Short-Form Videos and Mental Health: A Knowledge-Guided Neural Topic Model
提出一种知识引导的神经主题模型,在视频上传时预测其引发青少年自杀意念的风险,优于现有模型,可用于平台内容审核以保护心理健康。
Short-form video platforms such as TikTok and Douyin are widely used but have sparked serious concerns about their impact on youth mental health, especially suicidal thoughts. This study introduces a novel knowledge-guided neural topic model that predicts a video’s potential to induce suicidal thoughts in viewers at the time of upload.

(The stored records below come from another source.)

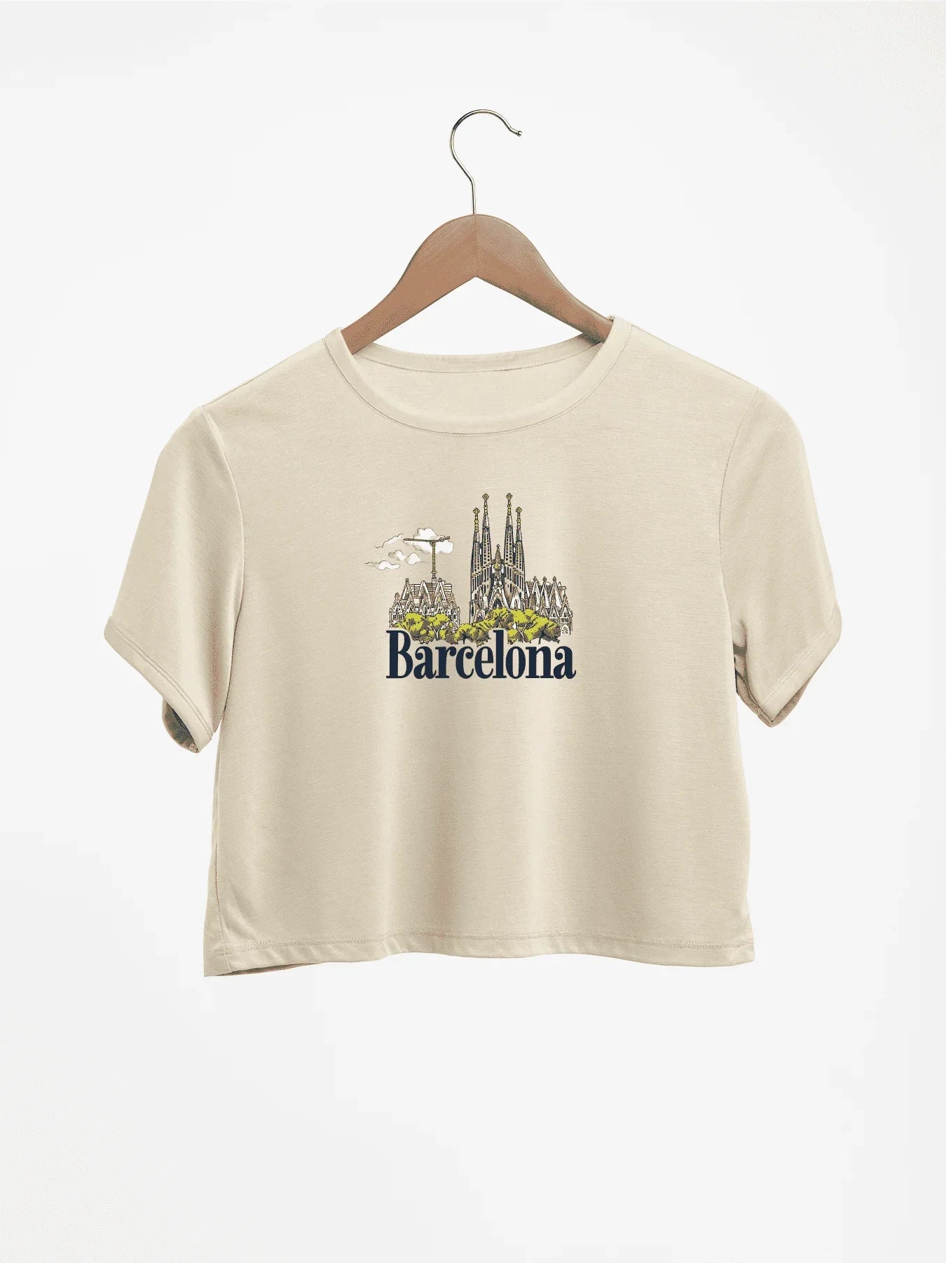 Embrace the spirit of Barcelona and elevate your casual outfit with our Barcelona Skyline With Bold Print Crew Neck Crop T-Shirt. Whether you're exploring the city or relaxing with friends, this t-shirt is a must-have for any fashion-forward woman!
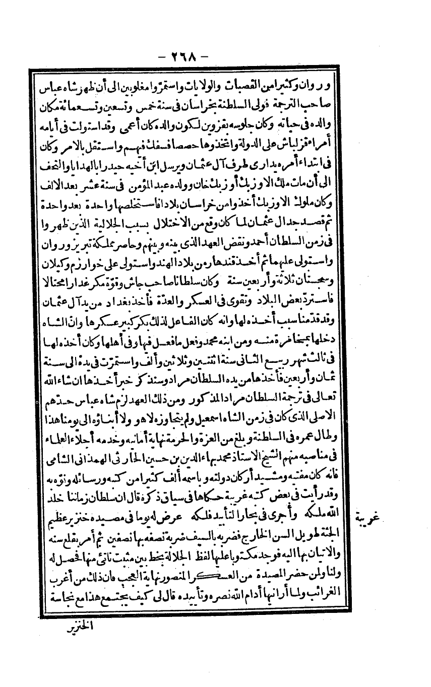 وروان وَكَثِيرًا من القصبات والولايات واستمروا مغلوبين إِلَى أَن ظهر شاه عَبَّاس صَاحب التَّرْجَمَة فولى السلطنة بخراسان فِي سنة خمس وَتِسْعين وَتِسْعمِائَة مَكَان وَالِده فِي حَيَاته وَكَانَ جُلُوسه بقزوين لكَون وَالِده كَانَ أعمى وَقد استولت فِي أَيَّامه أُمَرَاء قزلباش على الدولة واتخذوها حصصاً فسفك فيهم واستقل بِالْأَمر وَكَانَ فِي ابْتِدَاء أمره يدارى طرف آل عُثْمَان وَيُرْسل ابْن أَخِيه حيدر بالهدايا والتحف إِلَى أَن مَاتَ ملك الأوزبك أوزبك خَان وَولده عبد الْمُؤمن فِي سنة عشر بعد الْألف وَكَانَ مُلُوك الأوزبك أخذُوا من خُرَاسَان بلاداً فاستخلصها وَاحِدَة بعد وَاحِدَة ثمَّ قصد جِدَال عُثْمَان لما كَانَ وَقع من الاختلال بِسَبَب الجلالية الَّذين ظَهَرُوا فِي زمن السُّلْطَان أَحْمد وَنقض الْعَهْد الَّذِي بَينه وَبينهمْ وحاصر مملكة تبريز وروان وَاسْتولى عَلَيْهِمَا ثمَّ أَخذ قندهار من بِلَاد الْهِنْد وَاسْتولى على خوارزم وكيلان وسجستان ثَلَاثَة وَأَرْبَعين سنة وَكَانَ سُلْطَانا صَاحب جاش وَقُوَّة مكر غداراً محتالاً فاسترد بعض الْبِلَاد وتقوى فِي الْعَسْكَر وَالْعدة فَأخذ بَغْدَاد من يَد آل عُثْمَان وَقد قدمنَا سَبَب أَخذه لَهَا وَإنَّهُ كَانَ الْفَاعِل لذَلِك بكر كَبِير عسكرها وَإِن الشاه دَخلهَا بمخامرة مِنْهُ وَمن ابْنه مُحَمَّد وَفعل مَا فعل فِيهَا وَفِي أَهلهَا وَكَانَ أَخذه لَهَا فِي ثَالِث شهر ربيع الثَّانِي سنة اثْنَتَيْنِ وَثَلَاثِينَ وَألف واستمرت فِي يَده إِلَى سنة ثَمَان وَأَرْبَعين فَأَخذهَا من يَده السُّلْطَان مُرَاد وَسَنذكر خبر أَخذهَا إِن شَاءَ الله تَعَالَى فِي تَرْجَمَة السُّلْطَان مُرَاد الْمَذْكُور وَمن ذَلِك الْعَهْد لزم شاه عَبَّاس حَدهمْ الْأَصْلِيّ الَّذِي كَانَ فِي زمن الشاه اسماعيل وَلم يتجاوزه لَا هُوَ وَلَا أبناؤه إِلَى يَوْمنَا هَذَا وَطَالَ عمره فِي السلطنة وَبلغ من الْعِزَّة وَالْحُرْمَة نِهَايَة أمانيه وخدمه أجلاء الْعلمَاء فِي مناصبه مِنْهُم الشَّيْخ الاستاذ مُحَمَّد بهاء الدّين بن حُسَيْن الْحَارِثِيّ الْهَمدَانِي الشَّامي فَإِنَّهُ كَانَ مفتيه ومشيد أَرْكَان دولته وباسمه ألف كثيرا من كتبه ورسائله ونوه بِهِ وَقد رَأَيْت فِي بعض كتبه غَرِيبَة حَكَاهَا فِي سِيَاق ذكره قَالَ إِن سُلْطَان زَمَاننَا خلد الله ملكه وأجرى فِي بحار التَّأْبِيد فلكه عرض لَهُ يَوْمًا فِي مصيده خِنْزِير عَظِيم الجثة طَوِيل السن الْخَارِج فَضَربهُ بِالسَّيْفِ ضربه نصفه بهَا نِصْفَيْنِ ثمَّ أَمر بقلع سنه والاتيان بهَا إِلَيْهِ فَوجدَ مَكْتُوبًا عَلَيْهَا لفظ الْجَلالَة بِخَط بَين مُثبت ناتىء مِنْهَا فَحصل لَهُ وَلنَا وَلمن حضر المصيدة من الْعَسْكَر الْمَنْصُور نِهَايَة الْعجب فَإِن ذَلِك من أغرب الغرائب وَلما أرانيها أدام الله نَصره وتأييده قَالَ لي كَيفَ يجْتَمع هَذَا مَعَ نَجَاسَة
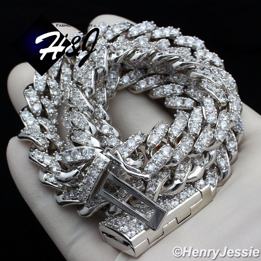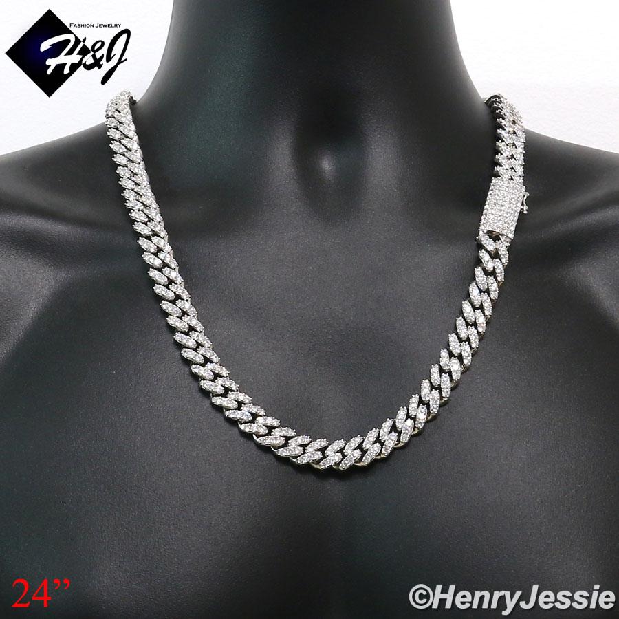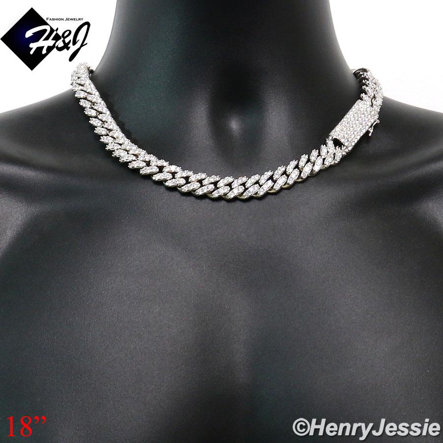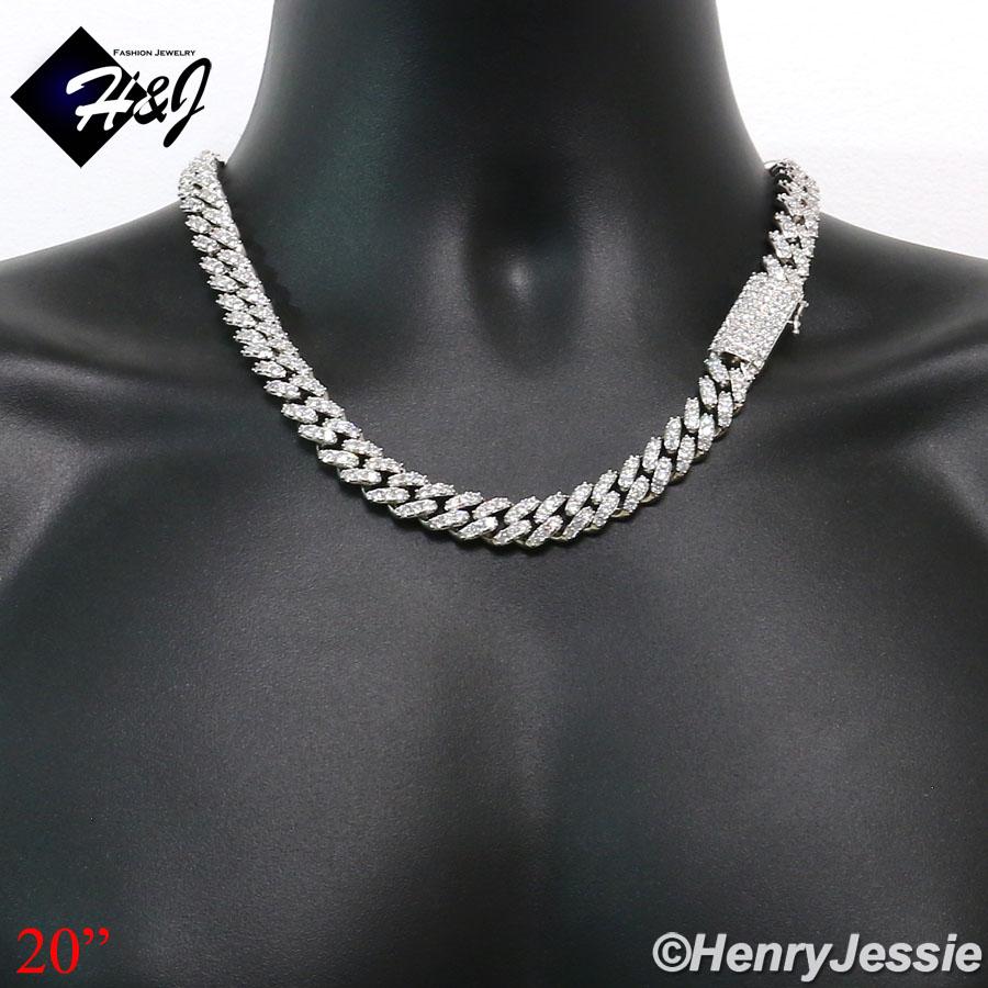 > BLING DIAMOND Jewelry > Men > Necklaces > 18"-24"MEN 14K WHITE GOLD FINISH 12MM SILVER ICED BLING PRONG SET CUBAN CURB CHAIN NECKLACE*BN5
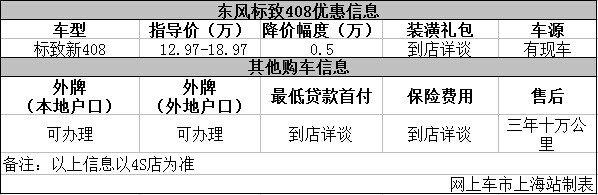 上海:东风标致408优惠0.5万 店内现车销售

Unlike existing models, our approach integrates medical knowledge on suicide risk factors with user-generated content to improve prediction accuracy and explainability. Tested on real-world data from two major platforms, the model not only outperforms current machine learning and deep learning benchmarks but also uncovers emerging content themes linked to suicidal thought risk. For practice, this tool can be directly integrated into platforms’ content moderation pipelines, identifying high-risk videos for follow-up human review before harm spreads. For policy, it offers a scalable and ethically informed method to mitigate digital risks to youth mental health, balancing user safety with content creator rights. This work offers a critical step forward in responsible AI and public mental health protection in the era of algorithm-driven media.